Your assignment: Exactly the lines below starting at the line with "中間発表会が行われました。今" and ending at the line with "Ilustracja Hot Dog" are wanted, with both ends included. Leave out the pictures and add no other lines.

Records for the exercise:
[Start of Attachment]
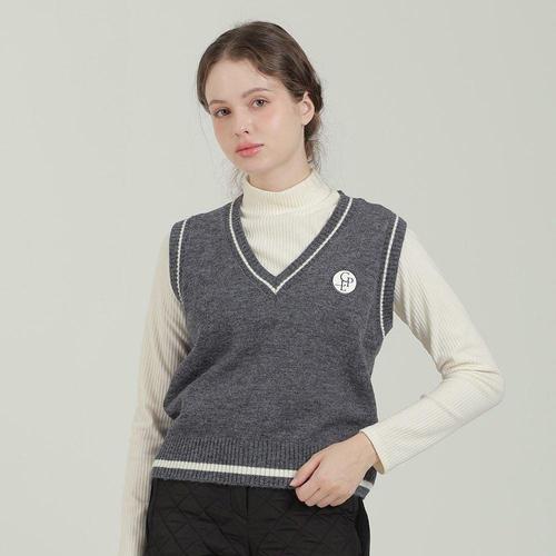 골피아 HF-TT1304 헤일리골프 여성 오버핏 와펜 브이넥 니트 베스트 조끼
[End of Attachment]
[Start of Attachment]
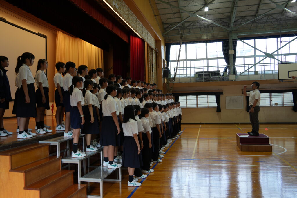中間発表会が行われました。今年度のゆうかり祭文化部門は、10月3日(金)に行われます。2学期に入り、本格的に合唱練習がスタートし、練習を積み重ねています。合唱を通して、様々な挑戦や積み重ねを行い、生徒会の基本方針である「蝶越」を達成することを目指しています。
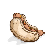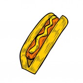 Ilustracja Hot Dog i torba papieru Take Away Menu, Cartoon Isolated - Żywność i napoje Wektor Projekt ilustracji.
[End of Attachment]
[Start of Attachment]
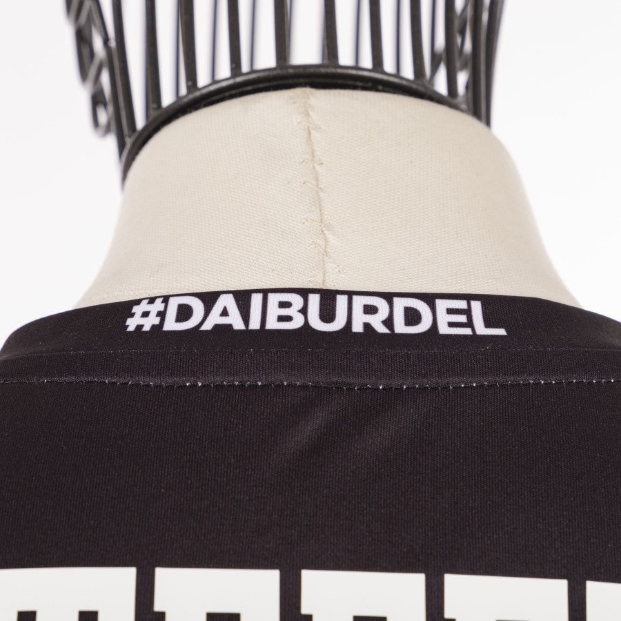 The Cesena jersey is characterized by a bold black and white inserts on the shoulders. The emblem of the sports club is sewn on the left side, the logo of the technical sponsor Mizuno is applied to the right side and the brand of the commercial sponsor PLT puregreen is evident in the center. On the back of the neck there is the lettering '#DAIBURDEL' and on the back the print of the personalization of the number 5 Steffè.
[End of Attachment]
Written solution:
中間発表会が行われました。今年度のゆうかり祭文化部門は、10月3日(金)に行われます。2学期に入り、本格的に合唱練習がスタートし、練習を積み重ねています。合唱を通して、様々な挑戦や積み重ねを行い、生徒会の基本方針である「蝶越」を達成することを目指しています。
 Ilustracja Hot Dog i torba papieru Take Away Menu, Cartoon Isolated - Żywność i napoje Wektor Projekt ilustracji.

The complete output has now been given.